Quality Data: Simplify Data Governance, Advance Interoperability, and Improve Analytics


Brian Diaz is the senior director of strategy with Wolters Kluwer Clinical Surveillance, Compliance and Data Solutions and is responsible for directing and managing the Health Language suite of content and service offerings. He has over 15 years of experience in healthcare information technology, including providing leadership in the areas of product management, marketing, and software development, and has a Bachelor of Science in Computer Engineering from the University of Minnesota.
Unsustainable healthcare costs are driving seismic changes to the way payers do business. All healthcare stakeholders face significant pressure within the framework of value-based care to cut costs while simultaneously improving clinical outcomes and populations health. Consequently, forward-looking operational and clinical leaders recognize that they must invest in innovative approaches and technology such as automation, analytics, and artificial intelligence (AI) to stay relevant and competitive in a dynamic marketplace.

The ability to extract deeper insights from data assets sits at the heart of many strategies. Yet, data generated in healthcare today is overwhelming. Current estimates suggest that it doubles every 3 years, and by 2020, it is projected to double every 73 days.

Getting in front of this exponential data expansion is a significant challenge for most organizations as they try to optimize the quality of information used to drive decision-making. The good news is that quality data that is accurate and reliable is achievable with the right infrastructure and strategy in place.

The Power of Data Quality
Today’s payers are striving to transform and enrich their data for mission critical activities such as claims processing, quality reporting, and member management and support. This process includes assembling all available data sources, extracting data from unstructured text, normalizing or codifying disparate information to common standards, and categorizing data into clinical concepts.

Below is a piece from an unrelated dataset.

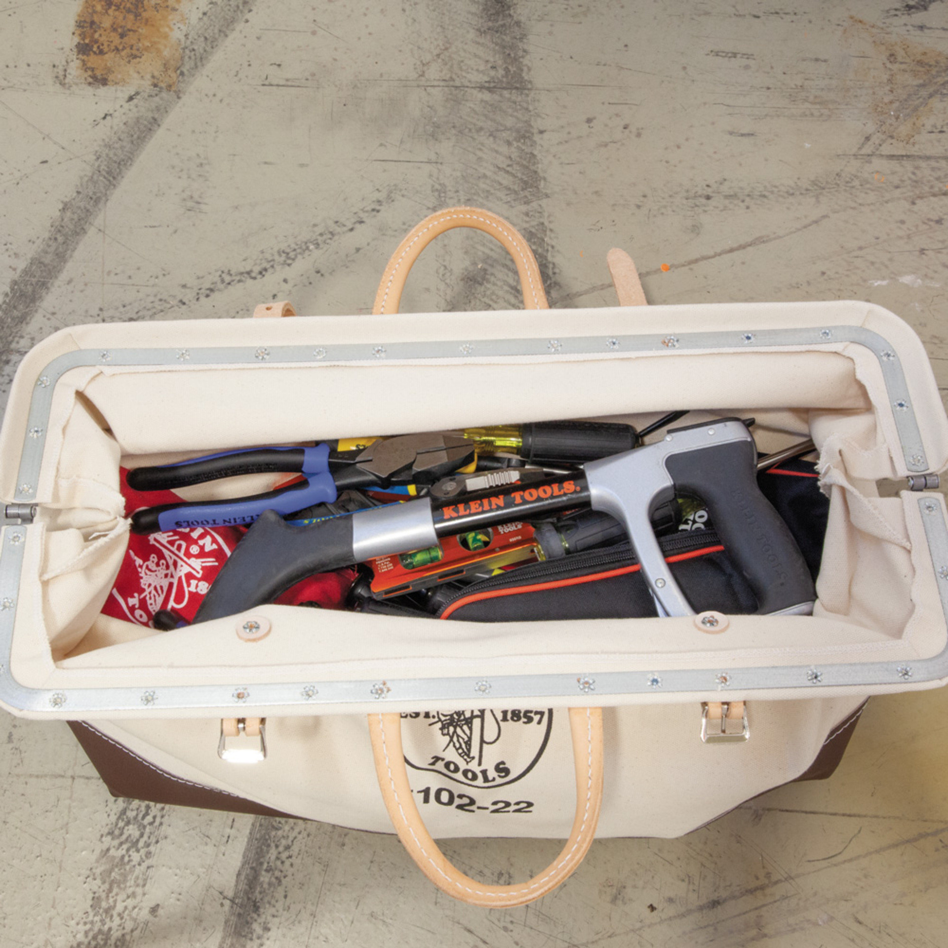 Durable No. 8 canvas with a moisture-resistant vinyl bottom, steel-reinforced frame, and riveted seams. Features a secure brass zipper and leather handles for a reliable, professional tool bag.
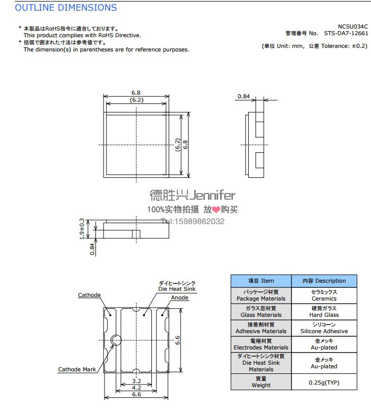 封装尺寸:6868 6.8*6.8*1.9 L*W*H(mm)

For most health plans, this is a strenuous exercise due to the proliferation of disparate data that remains locked in silos. For example, a payer involved in a population health initiative will need to collect data from a variety of sources including claims, electronic health records, and emerging areas such as telehealth, genomics, and social determinants of health. Without a way of fully capturing data from each of these areas, payers risk negative downstream consequences that impact quality measures reporting, billing and member engagement.

To illustrate the challenge, consider a population health initiative aimed at improving diabetes outcomes that requires analyzing laboratory glycated hemoglobin data—a common glucose test that may be represented more than 100 different ways. As payers attempt to pull laboratory data along with other clinical information from the variety of sources mentioned, it will present in a number of formats including structured claims information such as Current Procedural Terminology; International Classification of Diseases, Tenth Revision (ICD-10); and Healthcare Common Procedure Coding System codes, as well as semistructured clinical data such as labs and unstructured text (eg, the patient’s medical history often contained in the medical record). All this data must be normalized to industry standards before achieving an accurate, reliable framework for analytics.